Get to know Drew and Mark

Meet the talented chefs behind eagerly anticipated Heights restaurant

Meet the talented chefs behind eagerly anticipated Heights restaurant

Squable Mark Clayton Drew Gimma
Drew Gimma and Mark Clayton will lead the kitchen at Squable.  Photo by Jenn Duncan

Justin Yu and Bobby Heugel may be the big names attached to Squable, but they aren’t the people cooking the food or creating the menu for the eagerly anticipated restaurant that's set to open this month in the Heights. Those responsibilities rest with chef partners Mark Clayton and Drew Gimma.

Together, these two industry veterans — Clayton worked for Yu at Oxheart and spent time working for Agircole Hospitality, while Gimma, a baker, worked on the opening team at Common Bond before moving to Better Luck Tomorrow — are leading a kitchen for the first time in their careers. Ultimately, it’s their collective responsibility to bring the new neighborhood restaurant to life.

“Justin and Bobby are the owners,” Clayton tells CultureMap. “They are very much involved in terms of guiding the direction that we put the menu in, but all of the ideas for the menu are Drew’s and my own. They come in with comments and critique and suggestions on how we can better execute that, how we can better present it, how we can let people know what we’re trying to do.”

The chefs had never worked together before signing on to Squable, but they quickly discovered the reasons Yu and Heugel united them for the restaurant. Turns out that they have a similar approach to creating dishes.

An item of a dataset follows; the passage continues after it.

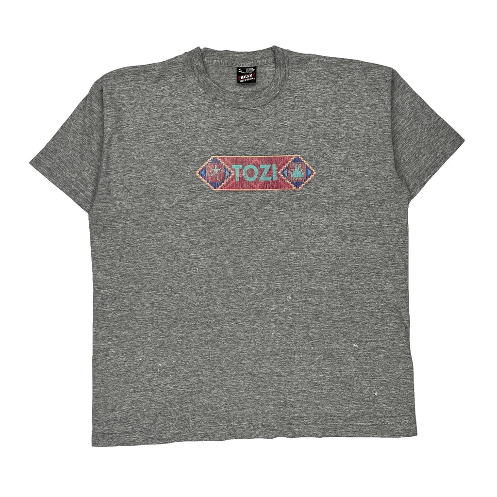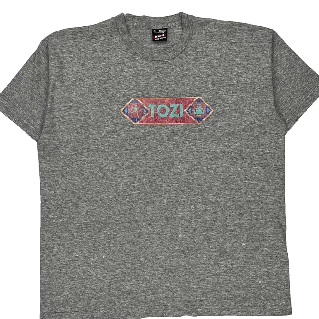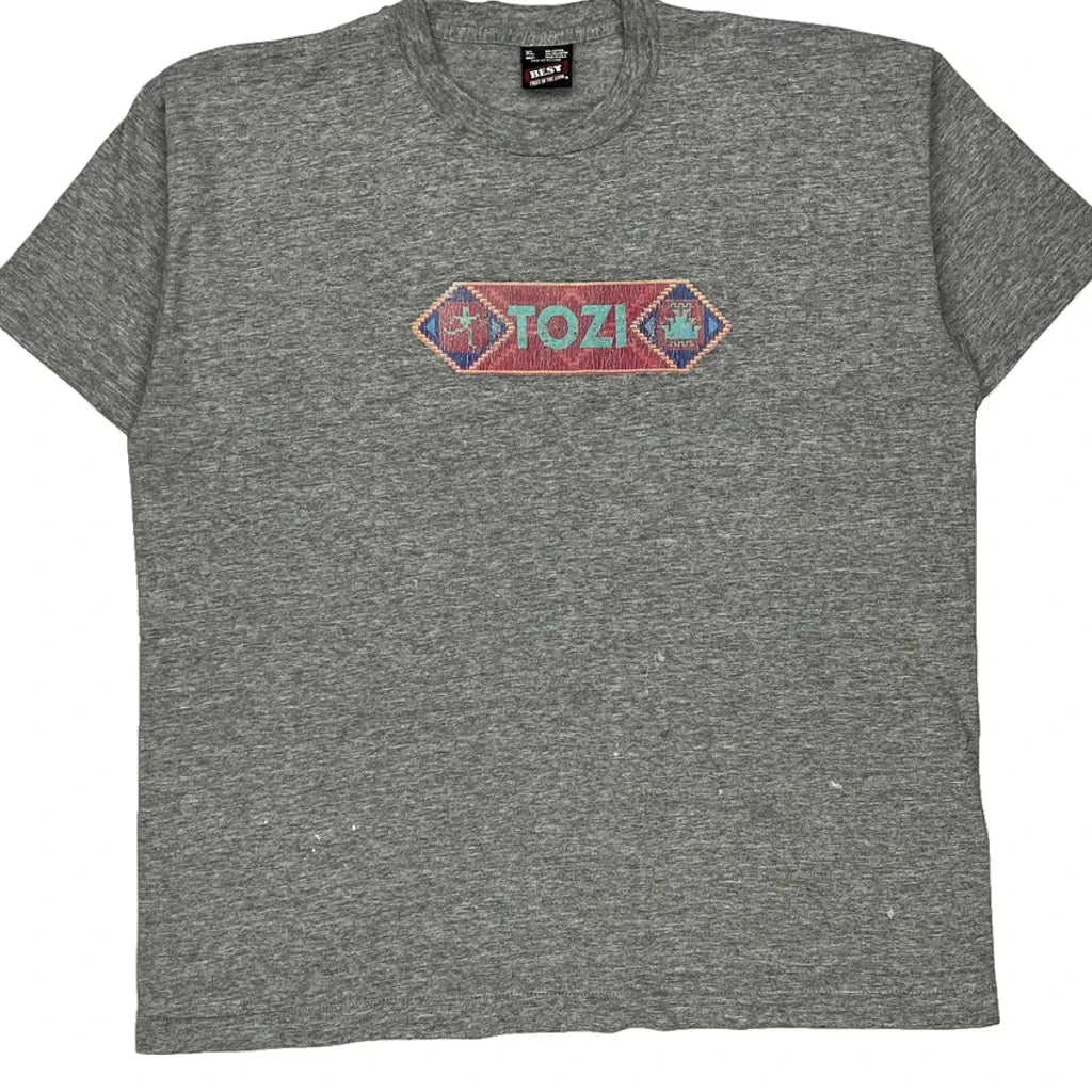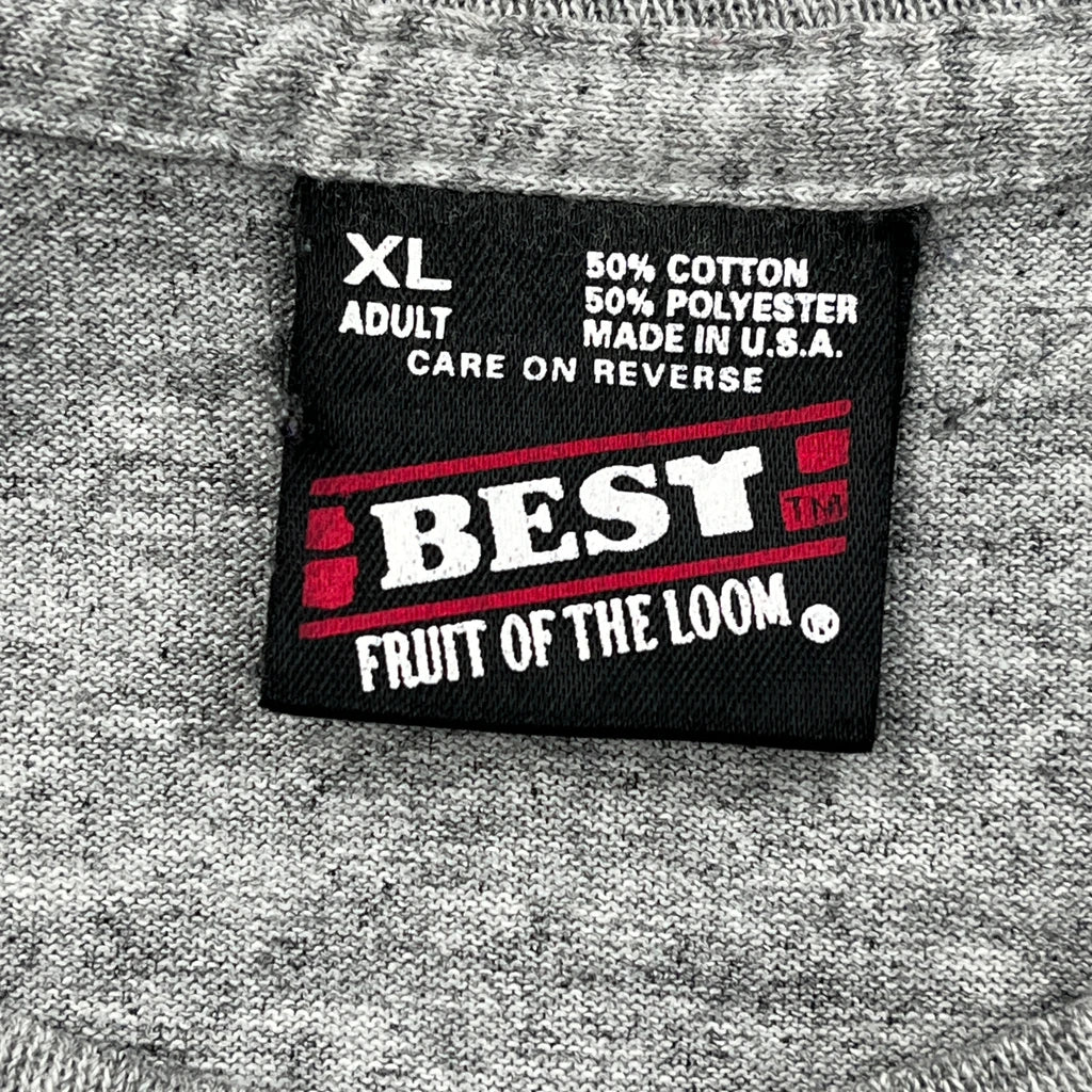 Single Stitch Fruit Of The Loom Graphic T-Shirt - XL Grey Cotton Blend
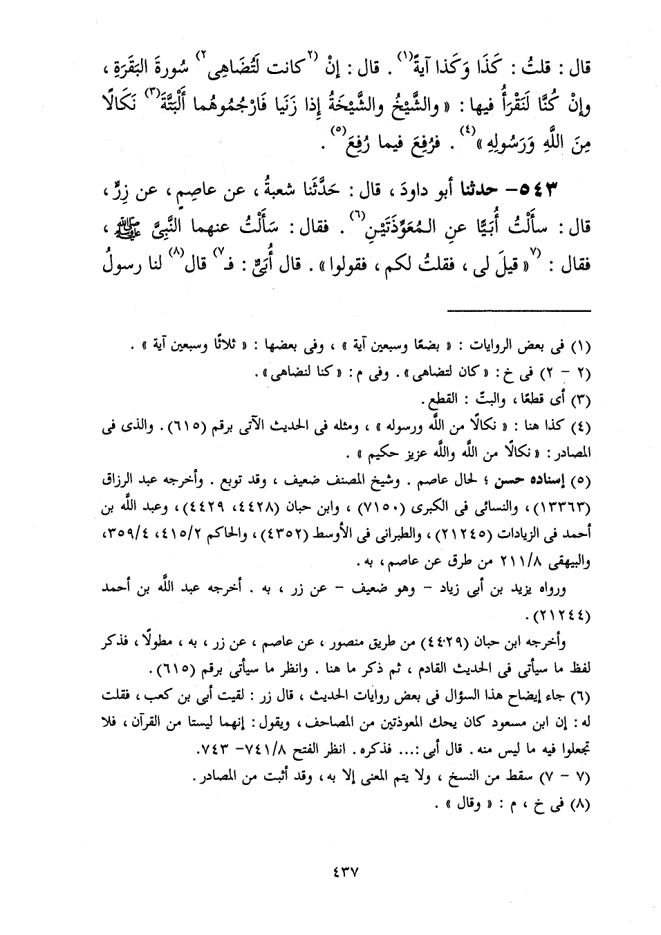 543 - حَدَّثَنَا أَبُو دَاوُدَ قَالَ: حَدَّثَنَا شُعْبَةُ، عَنْ عَاصِمٍ، عَنْ زِرٍّ، قَالَ: سَأَلْتُ أُبَيًّا عَنِ الْمُعَوِّذَتَيْنِ، فَقَالَ: سَأَلْتُ عَنْهُمَا النَّبِيَّ صَلَّى اللهُ عَلَيْهِ وَسَلَّمَ فَقَالَ: «§قِيلَ لِي فَقُلْتُ لَكُمْ فَقُولُوا» ، قَالَ أُبَيٌّ: فَقَالَ لَنَا -[438]- رَسُولُ اللَّهِ صَلَّى اللهُ عَلَيْهِ وَسَلَّمَ وَنَحْنُ نَقُولُ

“I’ve always loved how bakers approach food with a very methodical, precise method,” Clayton says. “They have to weigh everything out to make sure everything is the same day-to-day. That’s how I like to work on the savory side. I think we’re both focused on consistency, quality, and being precise. I think that meshes really well.”

Uniting chef with baker should yield some interesting results when the restaurant opens later this month. Working together, they’re developing a European-inspired menu that utilizes high-quality, locally sourced ingredients. True to its mission as a neighborhood restaurant, they want a balanced array of offerings that diners could come back for once or twice a week. Of course, Gimma's breads will play a prominent role in the dishes. Asked for details, the chefs offer one example of how Gimma’s dough skills should pair well with Clayton’s savory expertise.

“There’ll be a potato flatbread that’s layered sheets of cracker that we’re topping like a tarte flambée with pork, charred green onions, braised onions," Gimma says.

“We’re both super into pizza,” Clayton adds. “We’re trying to figure out a way to sneak a pizza-like item onto the menu without actually have to serve pizza. I really love tarte flambée; they’re really delicious.”

While the chefs have freedom to create the menu they think will connect with diners, they’re drawing on their partners’ areas of expertise for design and equipment. Expect signature touches from both partners’ other establishments like a brass bar top (as seen at Anvil and BLT) and silverware drawers that are integrated into the tables (as seen at Theodore Rex).

In the front of the house, Terry Williams (Anvil, BLT) will serve as general manager, while Anna Wilkins will make the jump from BLT to serve as head bartender. Justin Vann, Yu’s partner in Public Services Wine and Whisky, will oversee the wine list, which offers 14 selections by-the-glass and 60 bottles.

“It’s been incredible to see,” Clayton says about the bar staff. “[Williams and Wilkins] have a very methodical way they make drinks that I haven’t seen in a lot of bars. I have been to a lot of different bars in a lot of different cities, but I like the way they think about using ingredients you don’t usually see in cocktails.”

All that talent means Squable will open with high expectations. The chefs acknowledge that they’re excited and a little nervous, but they don’t see either of those emotions as a bad thing.

“That nervousness gives you an edge,” Clayton says. “I lean into that feeling of nervousness, because it makes me more focused on what I need to get accomplished. This is a big deal. We all want this to be a success. We’re doing everything we can to make sure that’s the case.”